Given records.

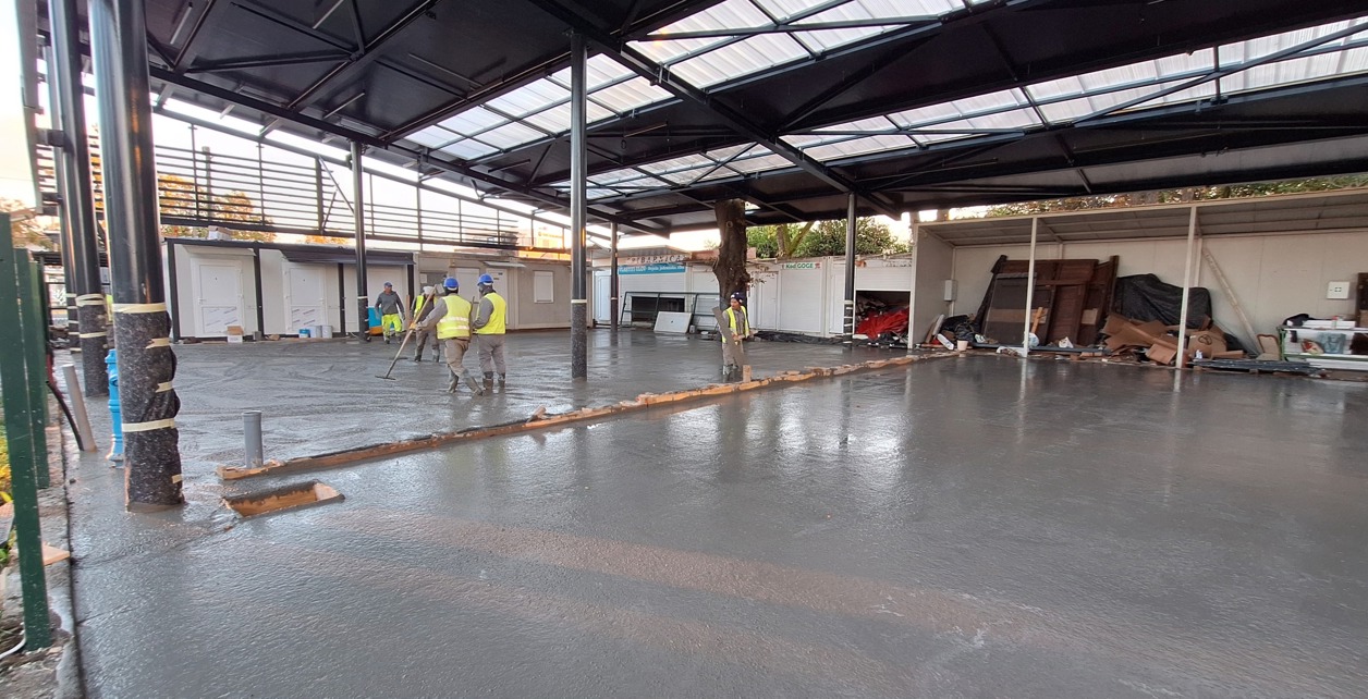 Gotovo je betoniranje platoa. Radnici su izlili 135m3 betona, a sada slijedi peglanje zaglađivanje i sušenje.
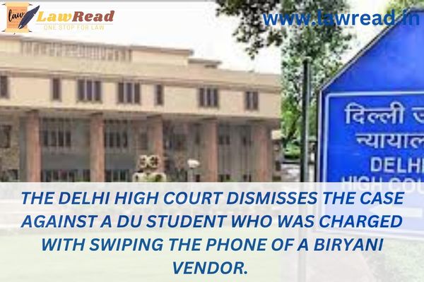 The Delhi High Court dismisses the case against a DU student who was charged with swiping the phone of a biryani vendor.
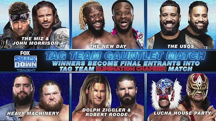 4) Миз и Джон Моррисон против The Usos против New Day против LHP против Heavy Machinary против Дольфа Зигглера и Роберта Руда - командный гаунтлет-поединок за право последнего выхода в командном Elimination Chamber-матче.
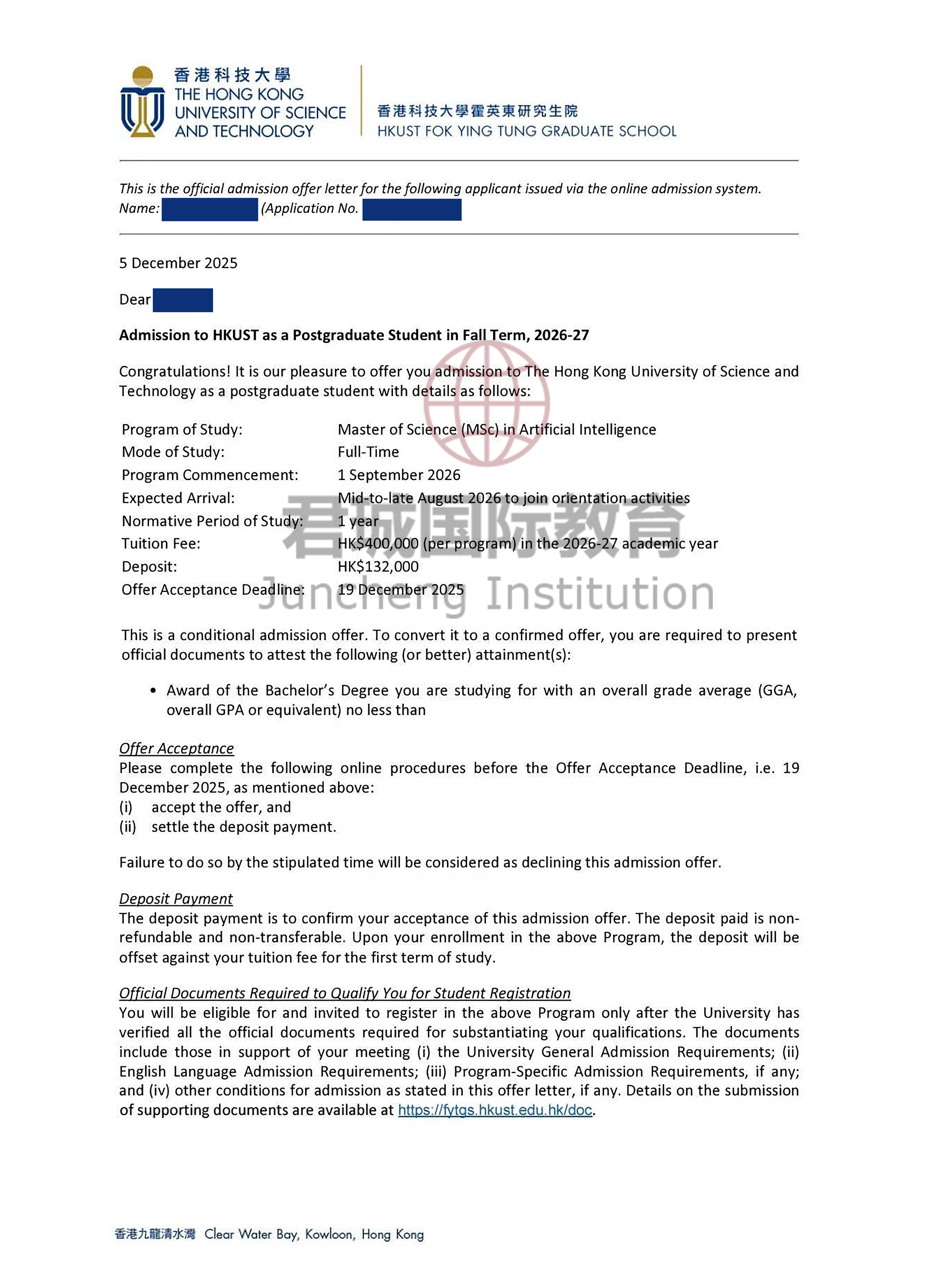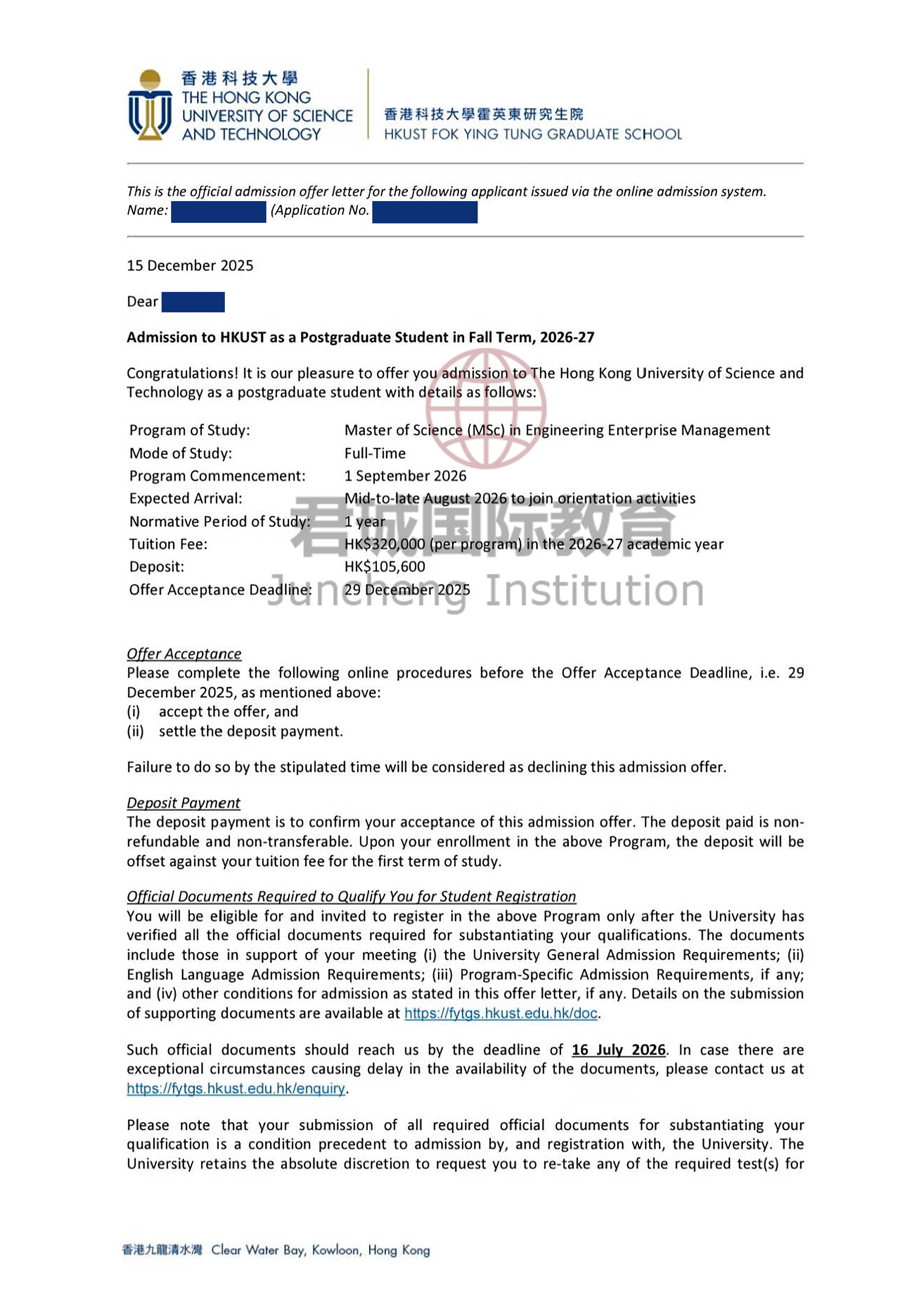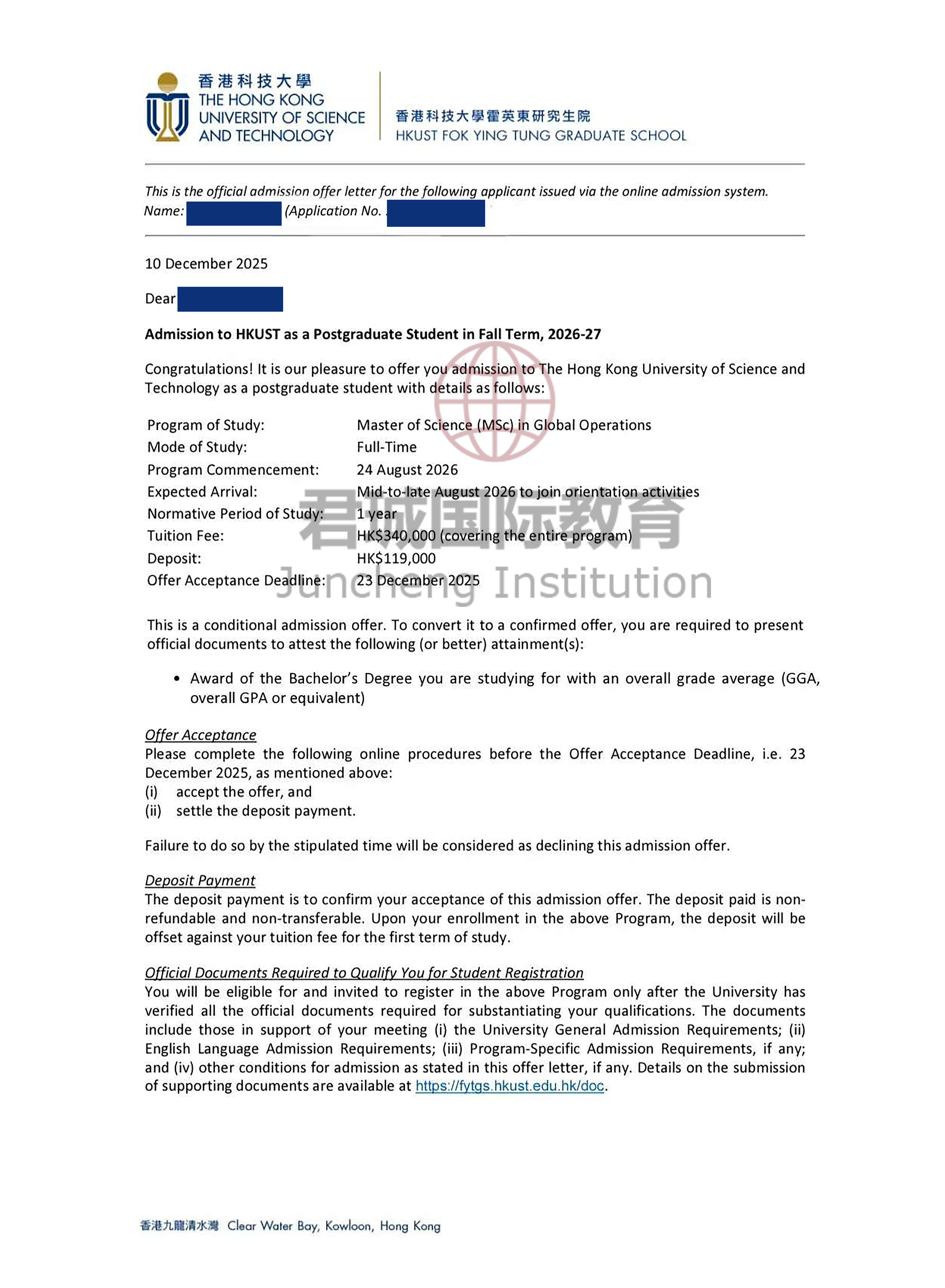 录取Offer:香港科技大学 Hong Kong University of Science and Technology
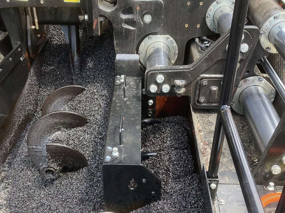 El diseño del sistema alimentador con ahoyadores de 355 mm (14") de diámetro ofrece un flujo de material uniforme en toda la regla para realizar un trabajo eficiente con cualquier anchura de pavimentación, ya sea ancha o estrecha.
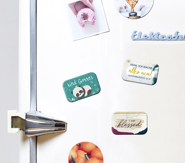 ist das Motiv des Magneten zu sehen, auf der Rückseite befindet sich ein passendes Bibelzitat.
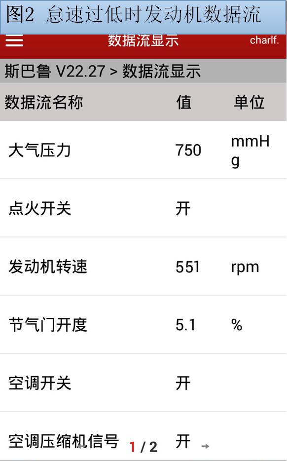 经过8小时,漏气约3kg/cm2,证明还是有其他地方漏。再次分段拆下高低压管、冷凝器、新的压缩机、新的膨胀阀分别打压到25kg/cm2,分段检漏,均无泄漏地方。最后不得以,拆解仪表台拆出蒸发箱。最后发现蒸发箱也有漏的地方,把蒸发箱打压到25kg/cm2泡进水里,会有很微小但持续的气泡从在蒸发箱进出口附近冒同来,不小心根本看不到(各系统泄漏位置见图1)。在100%确定系统部件再无泄漏的情况下,更换了整个系统接口的密封胶圈,把整个系统装起来,打压至25kg/cm2,经过8小时的检测,无泄漏。抽真空后经过1小时也没有漏气,按规定加注了冷媒油与冷媒,打着车打开关空调与风机档位开关,发现空调磁吸不吸。经检查,空调高压管上的压力传感器没有接上,接上后,空调压缩机正常吸合,但是感觉发动机明显动力不足的样子!停机后再打火,发动机明显动力不足,怠速转速明显不正常,介于1000转与0转中间,用X431PRO进发动机数据流发现只有550转/分左右(图2),节气门开度5.1%有问题。
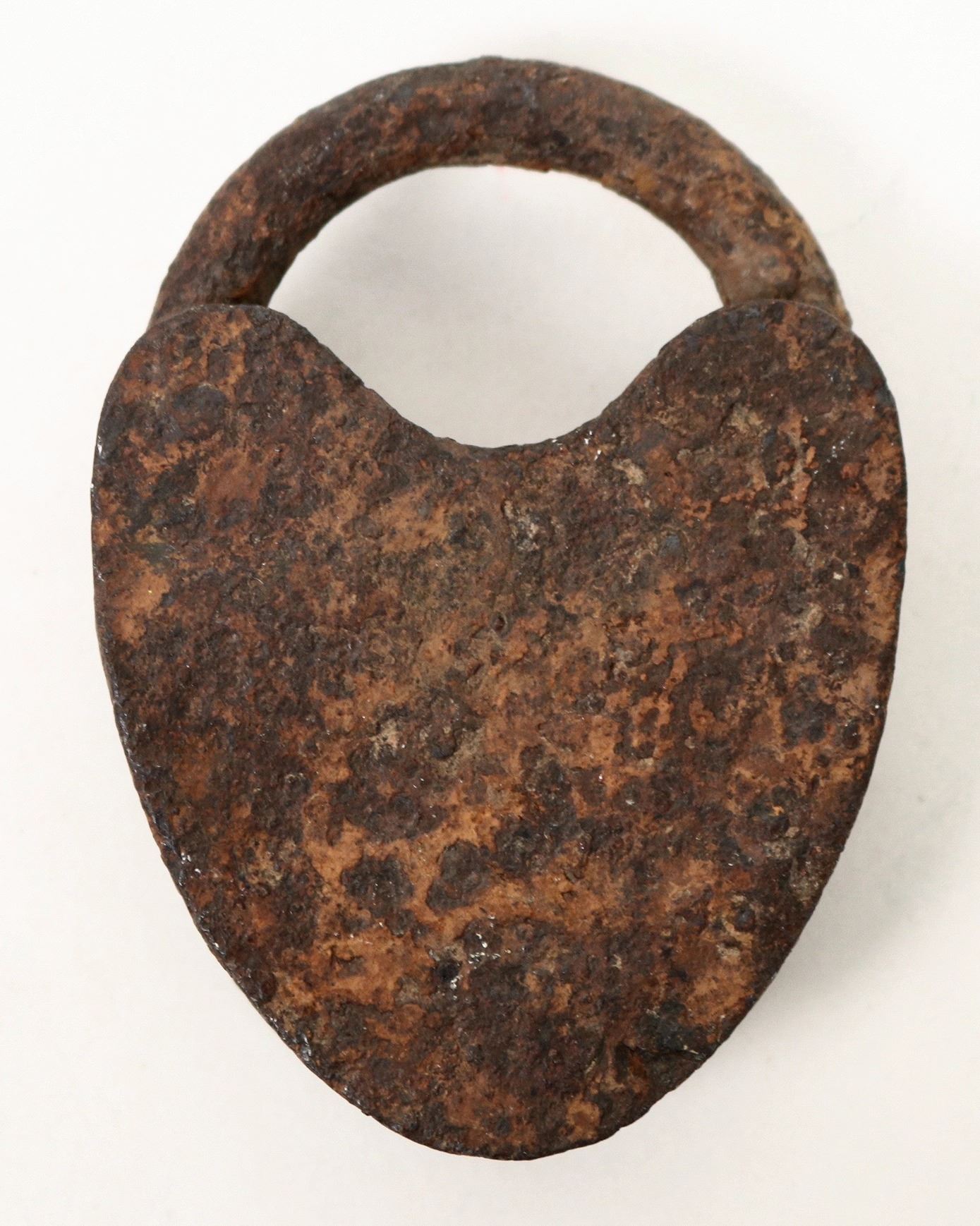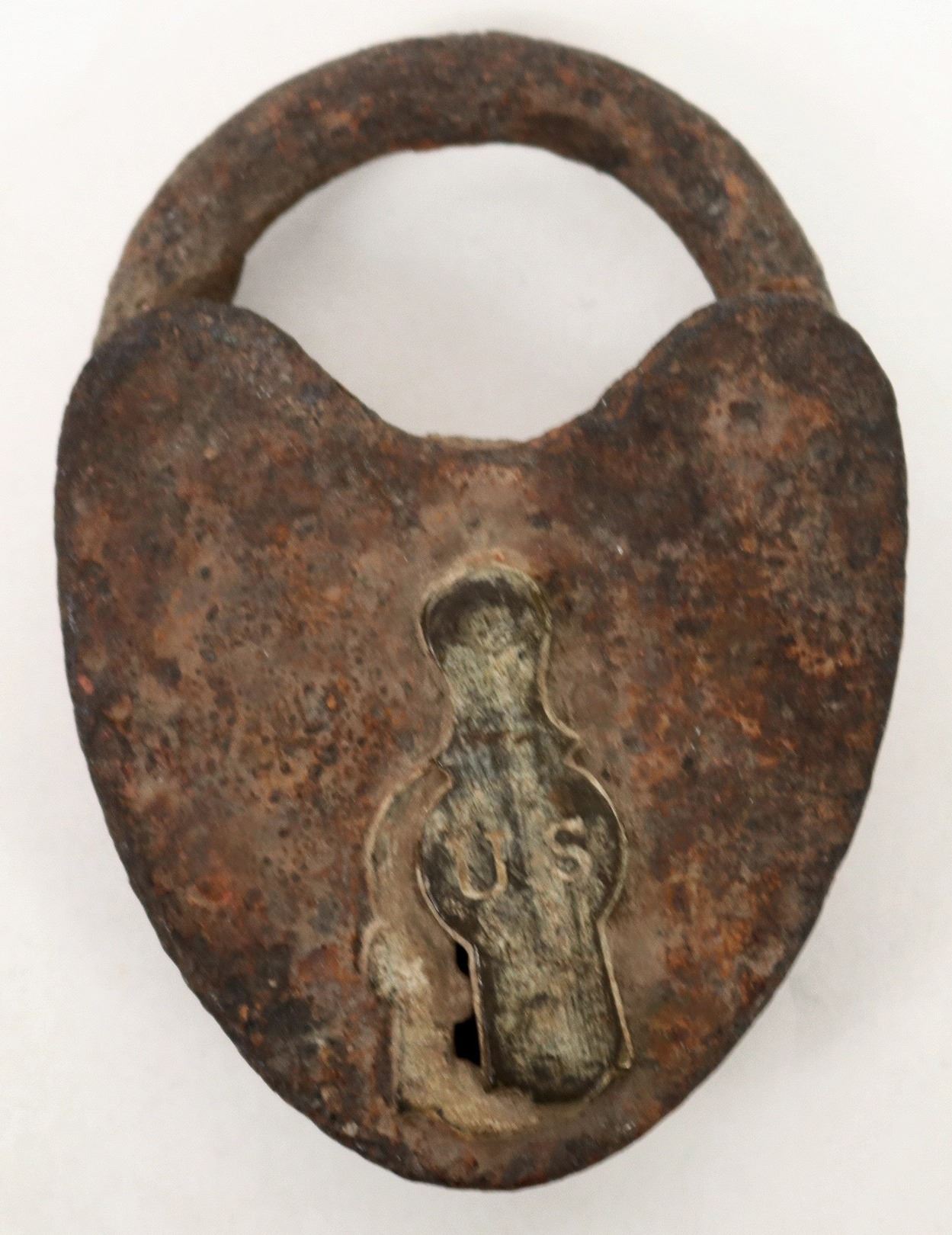 Military lock with U S on frozen key cover. Dug in Carson City, NV c. 1965, this is possibly U S Mint related. 3.25x2.25", rusty and bottom degradation. Please inspect.

What the exercise asks. Copy the data word for word, no pictures.

Answer to this task.
 Gotovo je betoniranje platoa. Radnici su izlili 135m3 betona, a sada slijedi peglanje zaglađivanje i sušenje.
 The Delhi High Court dismisses the case against a DU student who was charged with swiping the phone of a biryani vendor.
 4) Миз и Джон Моррисон против The Usos против New Day против LHP против Heavy Machinary против Дольфа Зигглера и Роберта Руда - командный гаунтлет-поединок за право последнего выхода в командном Elimination Chamber-матче.
 录取Offer:香港科技大学 Hong Kong University of Science and Technology
 El diseño del sistema alimentador con ahoyadores de 355 mm (14") de diámetro ofrece un flujo de material uniforme en toda la regla para realizar un trabajo eficiente con cualquier anchura de pavimentación, ya sea ancha o estrecha.
 ist das Motiv des Magneten zu sehen, auf der Rückseite befindet sich ein passendes Bibelzitat.
 经过8小时,漏气约3kg/cm2,证明还是有其他地方漏。再次分段拆下高低压管、冷凝器、新的压缩机、新的膨胀阀分别打压到25kg/cm2,分段检漏,均无泄漏地方。最后不得以,拆解仪表台拆出蒸发箱。最后发现蒸发箱也有漏的地方,把蒸发箱打压到25kg/cm2泡进水里,会有很微小但持续的气泡从在蒸发箱进出口附近冒同来,不小心根本看不到(各系统泄漏位置见图1)。在100%确定系统部件再无泄漏的情况下,更换了整个系统接口的密封胶圈,把整个系统装起来,打压至25kg/cm2,经过8小时的检测,无泄漏。抽真空后经过1小时也没有漏气,按规定加注了冷媒油与冷媒,打着车打开关空调与风机档位开关,发现空调磁吸不吸。经检查,空调高压管上的压力传感器没有接上,接上后,空调压缩机正常吸合,但是感觉发动机明显动力不足的样子!停机后再打火,发动机明显动力不足,怠速转速明显不正常,介于1000转与0转中间,用X431PRO进发动机数据流发现只有550转/分左右(图2),节气门开度5.1%有问题。
 Military lock with U S on frozen key cover. Dug in Carson City, NV c. 1965, this is possibly U S Mint related. 3.25x2.25", rusty and bottom degradation. Please inspect.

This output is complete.